Prompt >> Output exactly the lines from the one containing "All the workspaces" through the final line of the entries below, both included, and skip the pictures.

Source material >>

[Start of section]

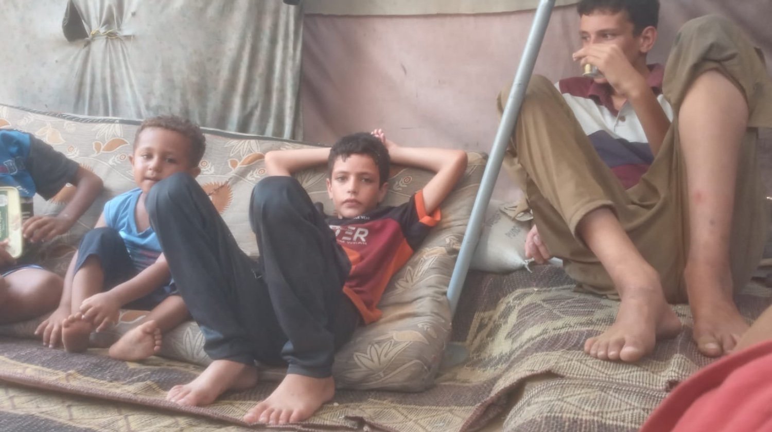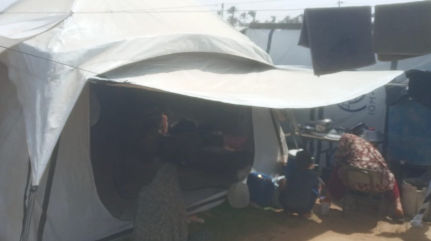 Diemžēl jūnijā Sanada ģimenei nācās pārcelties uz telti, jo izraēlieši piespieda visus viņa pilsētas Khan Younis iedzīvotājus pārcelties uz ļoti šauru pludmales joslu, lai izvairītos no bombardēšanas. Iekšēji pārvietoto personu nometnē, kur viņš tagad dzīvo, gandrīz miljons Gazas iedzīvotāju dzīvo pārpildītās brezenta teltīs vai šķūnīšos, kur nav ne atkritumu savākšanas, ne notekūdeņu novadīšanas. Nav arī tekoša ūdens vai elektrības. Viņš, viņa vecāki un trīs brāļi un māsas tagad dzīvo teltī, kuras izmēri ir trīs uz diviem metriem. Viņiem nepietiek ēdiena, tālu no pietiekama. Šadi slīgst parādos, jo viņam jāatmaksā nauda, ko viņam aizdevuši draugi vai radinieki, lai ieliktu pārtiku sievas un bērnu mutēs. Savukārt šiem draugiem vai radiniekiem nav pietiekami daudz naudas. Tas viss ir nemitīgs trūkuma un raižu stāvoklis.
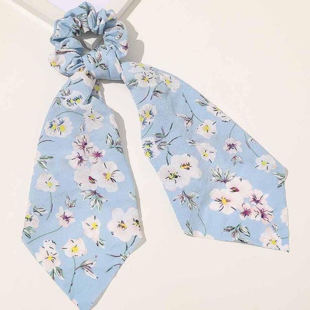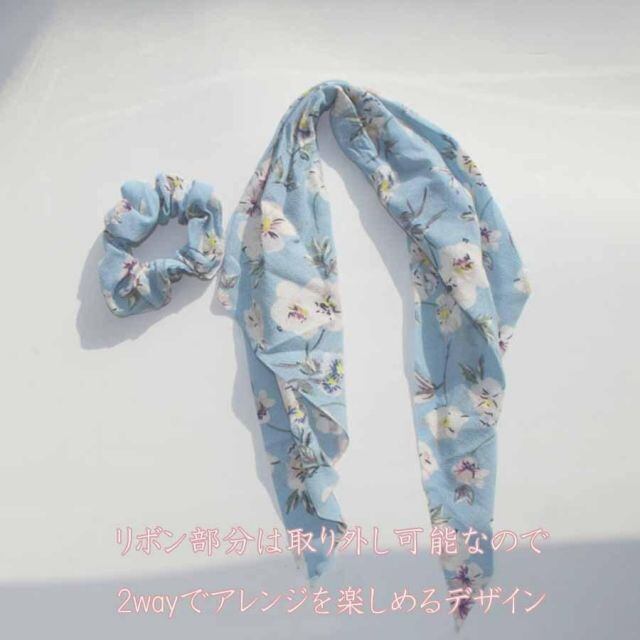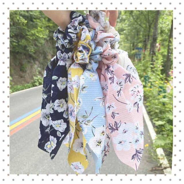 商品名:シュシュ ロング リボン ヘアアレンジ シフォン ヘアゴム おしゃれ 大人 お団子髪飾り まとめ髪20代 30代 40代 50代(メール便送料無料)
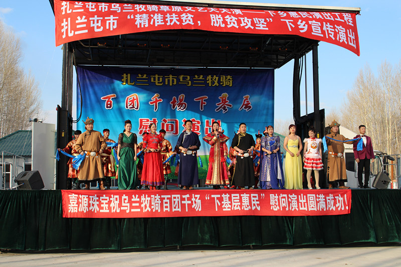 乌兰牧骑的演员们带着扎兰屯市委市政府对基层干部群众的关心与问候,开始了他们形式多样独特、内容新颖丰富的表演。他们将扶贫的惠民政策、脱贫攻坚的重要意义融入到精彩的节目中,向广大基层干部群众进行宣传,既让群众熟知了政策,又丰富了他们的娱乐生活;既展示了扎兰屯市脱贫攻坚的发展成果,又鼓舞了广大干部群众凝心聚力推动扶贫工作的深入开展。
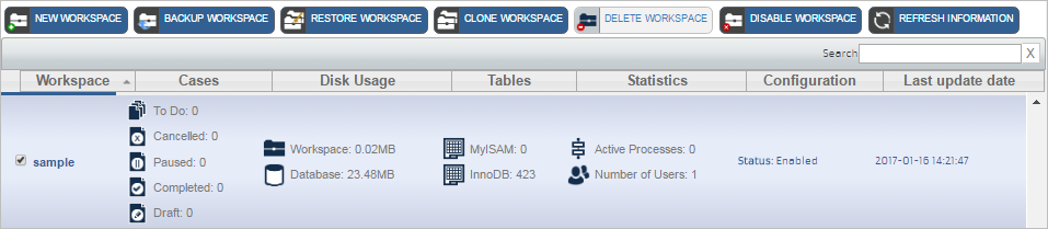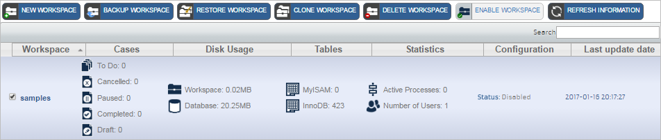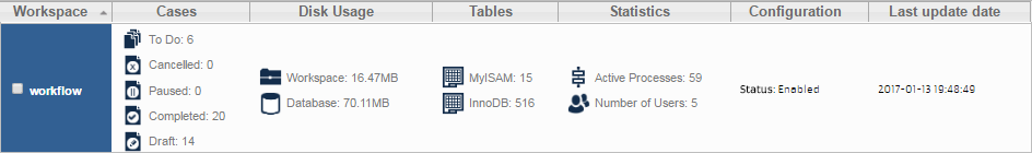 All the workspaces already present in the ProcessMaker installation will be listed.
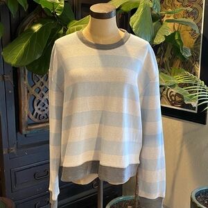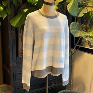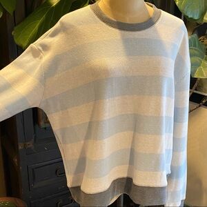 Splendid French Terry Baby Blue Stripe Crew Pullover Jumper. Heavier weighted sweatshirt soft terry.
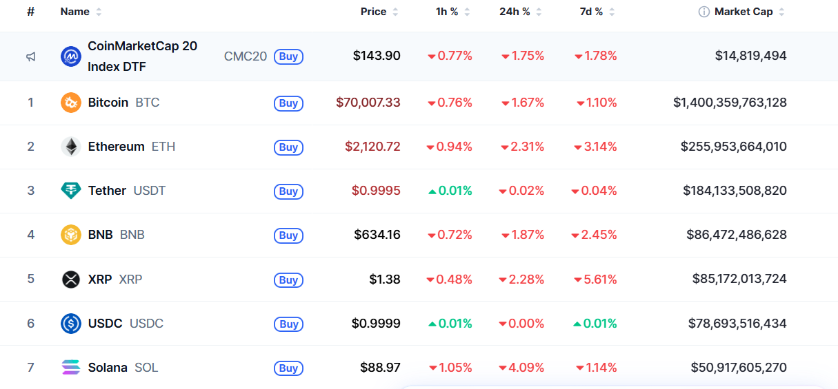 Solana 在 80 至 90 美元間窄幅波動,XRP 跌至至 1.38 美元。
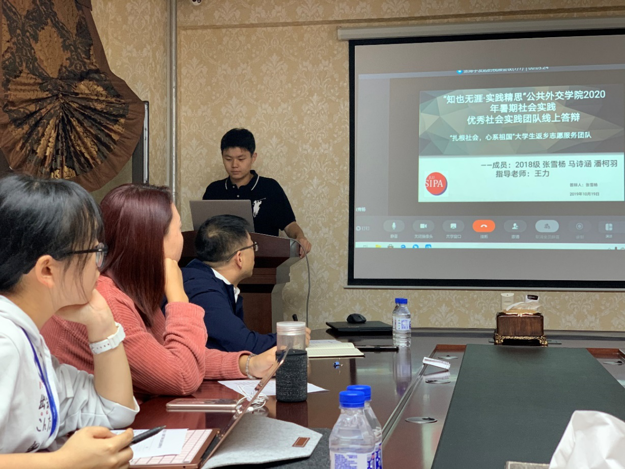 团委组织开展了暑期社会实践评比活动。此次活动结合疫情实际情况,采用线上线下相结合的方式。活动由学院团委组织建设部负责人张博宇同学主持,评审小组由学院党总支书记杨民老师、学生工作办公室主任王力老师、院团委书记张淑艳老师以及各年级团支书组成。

[End of section]

Output >>
 All the workspaces already present in the ProcessMaker installation will be listed.
 Splendid French Terry Baby Blue Stripe Crew Pullover Jumper. Heavier weighted sweatshirt soft terry.
 Solana 在 80 至 90 美元間窄幅波動,XRP 跌至至 1.38 美元。
 团委组织开展了暑期社会实践评比活动。此次活动结合疫情实际情况,采用线上线下相结合的方式。活动由学院团委组织建设部负责人张博宇同学主持,评审小组由学院党总支书记杨民老师、学生工作办公室主任王力老师、院团委书记张淑艳老师以及各年级团支书组成。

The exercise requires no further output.